1. Purpose
This DPA applies to Notase customers on the Brokerage and Enterprise tiers who, in using the Service, act as a “controller” of personal data relating to other individuals (for example, team members, inquiring prospects, or past clients). It sets out the obligations that apply to Notase as a “processor” of that personal data.
For all other customers, Notase’s processing is described in our Privacy Policy, and this DPA applies only to the extent personal data of third parties is processed.
2. Definitions
Capitalized terms not defined in this DPA have the meaning set out in our Terms of Service or, where applicable, in the GDPR and comparable data protection laws. For convenience:
- Controller means the entity that determines the purposes and means of processing personal data — in this context, you, the Customer.
- Processor means Notase, which processes personal data on behalf of the Controller.
- Subprocessor means a third party engaged by Notase to process personal data on Notase’s behalf.
- Data subject means the identified or identifiable natural person to whom the personal data relates.
- Personal data means any information relating to a data subject, as processed by Notase on behalf of Customer in connection with the Service.
3. Processing details
Subject matter and duration: processing for the term of the agreement between Customer and Notase, plus any wind-down period required to return or delete personal data.
Nature and purpose: hosting, transmission, generation, analysis, and related operations necessary to provide the Service as configured by Customer.
Categories of personal data: account identifiers and contact details, property and listing data, generated content, communication content, and usage and technical data.
Categories of data subjects: Customer’s users and team members, inquirers and leads, and third parties referenced in content submitted to the Service.
4. Subprocessors
Customer authorizes Notase to engage subprocessors to support delivery of the Service.

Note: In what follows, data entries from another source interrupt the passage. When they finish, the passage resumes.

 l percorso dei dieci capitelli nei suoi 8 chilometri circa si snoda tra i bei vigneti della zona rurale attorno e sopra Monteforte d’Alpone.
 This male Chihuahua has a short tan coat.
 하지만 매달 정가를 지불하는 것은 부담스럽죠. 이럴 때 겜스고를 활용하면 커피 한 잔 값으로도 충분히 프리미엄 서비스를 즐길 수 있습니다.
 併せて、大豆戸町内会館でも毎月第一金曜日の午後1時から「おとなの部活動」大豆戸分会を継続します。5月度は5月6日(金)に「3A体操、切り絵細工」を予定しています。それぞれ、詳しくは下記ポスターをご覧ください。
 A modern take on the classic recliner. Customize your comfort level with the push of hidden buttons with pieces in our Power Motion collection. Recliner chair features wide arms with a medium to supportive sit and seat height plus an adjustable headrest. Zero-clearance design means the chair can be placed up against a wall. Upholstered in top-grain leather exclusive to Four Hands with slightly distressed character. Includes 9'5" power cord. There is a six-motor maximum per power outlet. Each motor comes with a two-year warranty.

The current list of subprocessors includes:
- Clerk — authentication and session management.
- Neon — PostgreSQL database hosting.
- Vercel — application and edge hosting.
- Resend — transactional email delivery.
- Anthropic (and other AI model providers as needed) — generation of content in response to Customer requests.
- Payment processor — subscription billing and refunds.

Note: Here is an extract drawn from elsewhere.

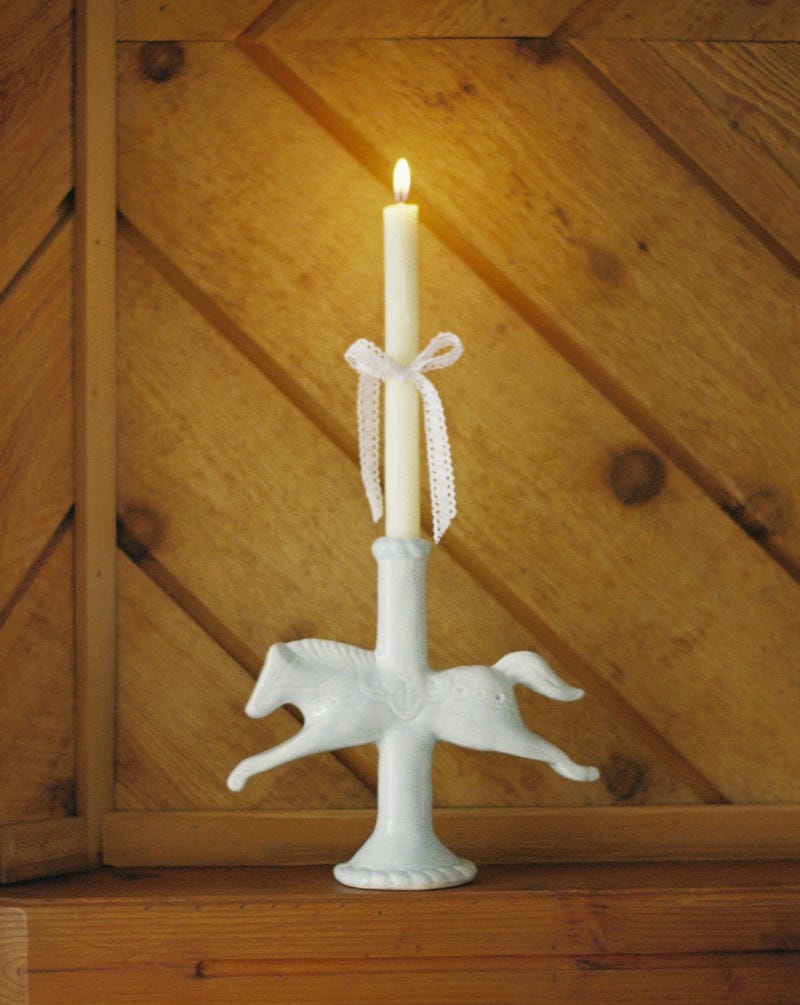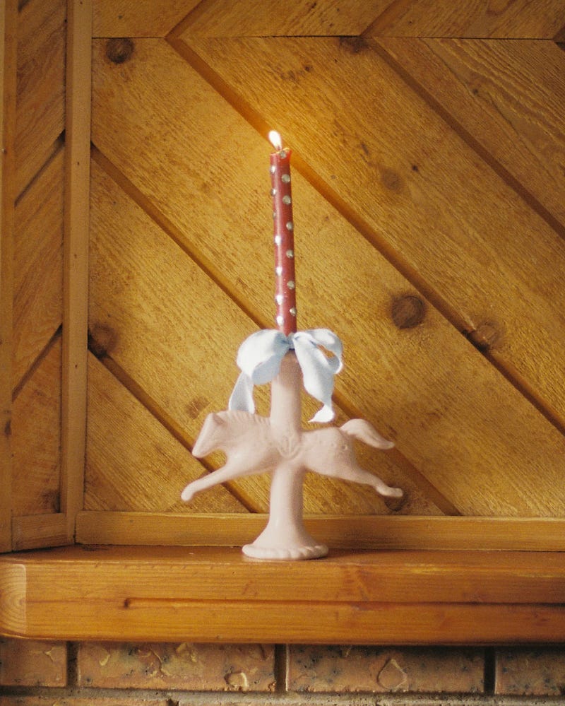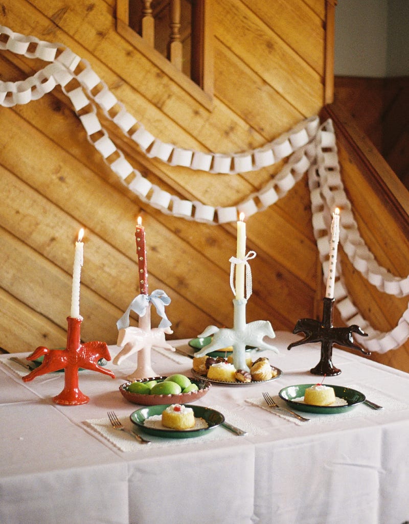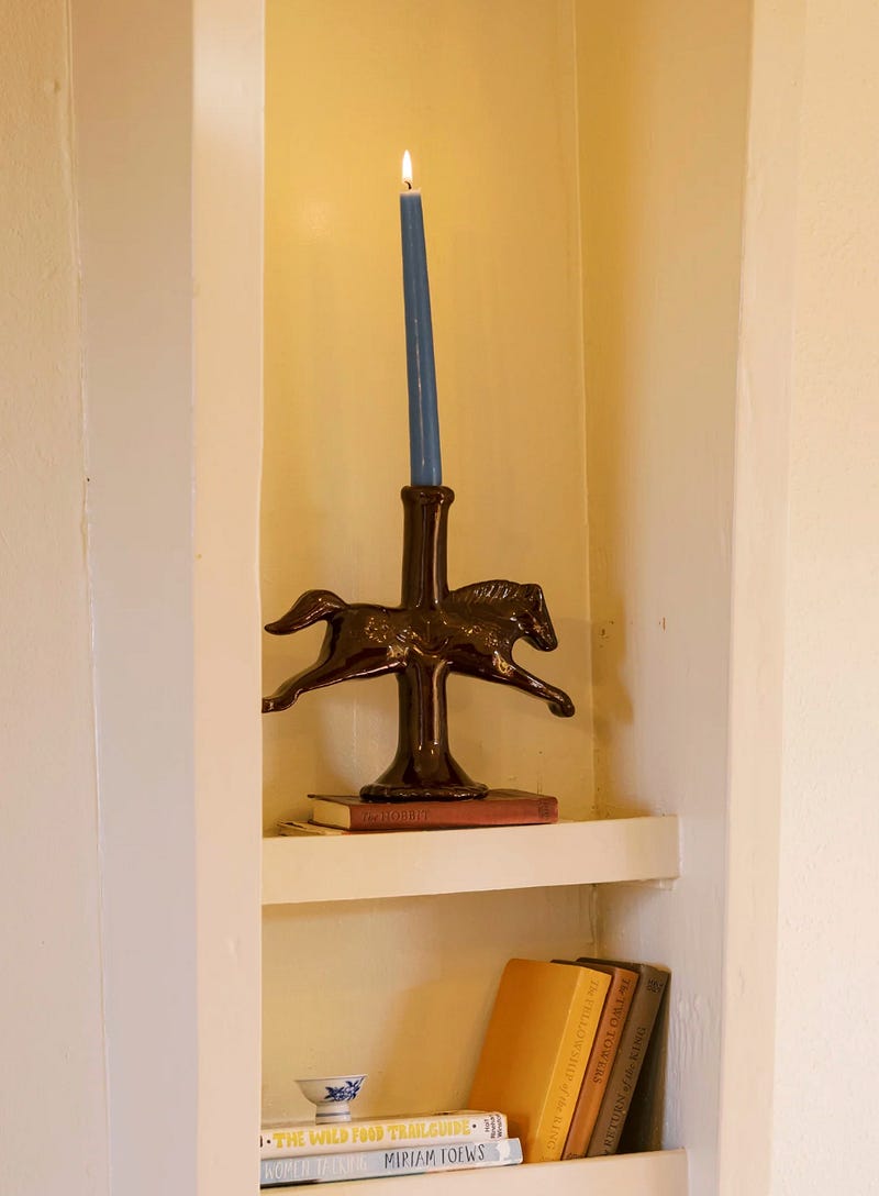 The ceramic horse-shaped candlestick holders of small business, St. Bingo. Each horse is glazed by hand.

Notase enters into written agreements with each subprocessor that impose data protection obligations no less protective than those in this DPA. Notase will provide notice of any intended addition or replacement of subprocessors, giving Customer a reasonable opportunity to object on legitimate grounds.
5. Security measures
Notase implements and maintains appropriate technical and organizational measures designed to ensure a level of security appropriate to the risk, including:
- Encryption of personal data in transit (TLS) and at rest;
- Role-based access controls and the principle of least privilege for Notase personnel;
- Centralized logging, monitoring, and audit trails;
- Regular backups and tested restoration procedures;
- Incident response procedures, including 24/7 alerting for critical events;
- Confidentiality commitments for all personnel with access to personal data.
6. Data subject rights
Notase will provide reasonable assistance to Customer, taking into account the nature of the processing, to enable Customer to respond to requests from data subjects exercising their rights under applicable data protection law. If Notase receives a request directly from a data subject regarding Customer data, Notase will refer the data subject to Customer without responding on the substance of the request.
7. Breach notification
Notase will notify Customer without undue delay, and in any event within 72 hours, after becoming aware of a personal data breach affecting Customer data. The notification will include the information required by applicable law and reasonably available to Notase at the time, and will be updated as additional information becomes available.
8. International transfers
Personal data may be transferred to and processed in jurisdictions outside the data subject’s country of residence. Where such transfers involve personal data originating from the European Economic Area, the United Kingdom, or Switzerland, the parties rely on the Standard Contractual Clauses published by the European Commission (and the UK International Data Transfer Addendum, where applicable), which are incorporated into this DPA by reference.
9. Audit rights
Notase will make available to Customer information reasonably necessary to demonstrate compliance with this DPA, including summary reports from independent third-party audits where available. Upon request and subject to reasonable confidentiality obligations, Notase will cooperate with audits conducted by Customer or an auditor mandated by Customer, provided that audits (i) occur no more than once per year unless required by a supervisory authority, (ii) are conducted during normal business hours with reasonable notice, and (iii) do not unreasonably disrupt the Service or compromise the confidentiality of other Notase customers.
10. Deletion and return
Upon termination or expiry of Customer’s agreement with Notase, Notase will, at Customer’s choice and within a reasonable wind-down period, either return all personal data processed on Customer’s behalf or delete it, together with copies, except to the extent retention is required by applicable law.
11. Governing terms
This DPA supplements and forms part of the Terms of Service between Customer and Notase. In the event of a conflict between this DPA and the Terms of Service regarding the processing of personal data, this DPA controls.